We can also take advantage of symmetries in the spatial and frequency domains as follows:

• if f(x) is real, then $F(-\omega) = F(\omega)^*$
• if f(x) is imaginary, then $F(-\omega) = -F(\omega)^*$
• if f(x) is even, then $F(-\omega) = F(\omega)$
• if f(x) is odd, then $F(-\omega) = -F(\omega)$.

Here, the notation ^* indicates the complex conjugate operation. Thus, if f(x) is real and even, then $F(\omega)$ is real and even, and if f(x) is real and odd, then $F(\omega)$ is imaginary and odd.

The Convolution Theorem tells us that convolution in the spatial domain corresponds to multiplication in the frequency domain, and vice versa. That is,

$$f(x) \otimes g(x) \Leftrightarrow F(\omega)G(\omega)$$

and equivalently

$$f(x)g(x) \Leftrightarrow F(\omega) \otimes G(\omega).$$

Thus, convolution with large masks in the spatial domain can often be done more efficiently as multiplication in the frequency domain. Likewise, division in the frequency domain corresponds to deconvolution in the spatial domain. This is the basis by which image restoration for blur due to focus or motion is done.

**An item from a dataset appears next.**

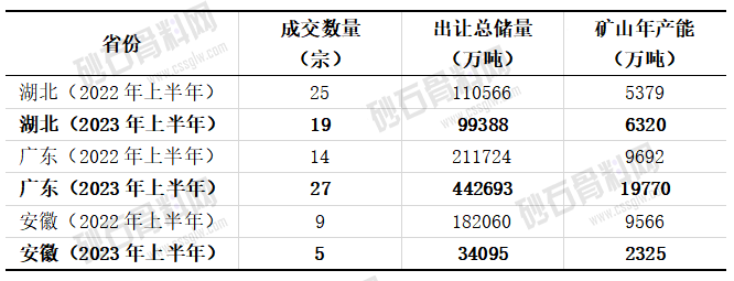湖北、安徽及广东等长江、珠江流域的砂石市场一直以来备受关注,为此特选取上述三个省份近两年上半年的采矿权信息进行简要分析。

Two dimensional Fourier transforms

Now an image is thought of as a two dimensional function and so the Fourier transform of an image is a two dimensional object. Thus, if f is an image, then

$$F(\omega, \nu) = \int \int f(x,y)e^{-2 \pi i (\omega x + \nu y)}dxdy.$$

Fortunately, it is possible to calculate this integral in two stages, since the 2D Fourier transform is separable. Thus, we first form the Fourier transform with respect to x:

$$F(\omega, y) = \int f(x,y)e^{-2 \pi i \omega x}dx$$

and then we calculate the Fourier transform of this function of y:

$$F(\omega, \nu) = \int F(\omega, y) e^{-2 \pi i \nu y}dy.$$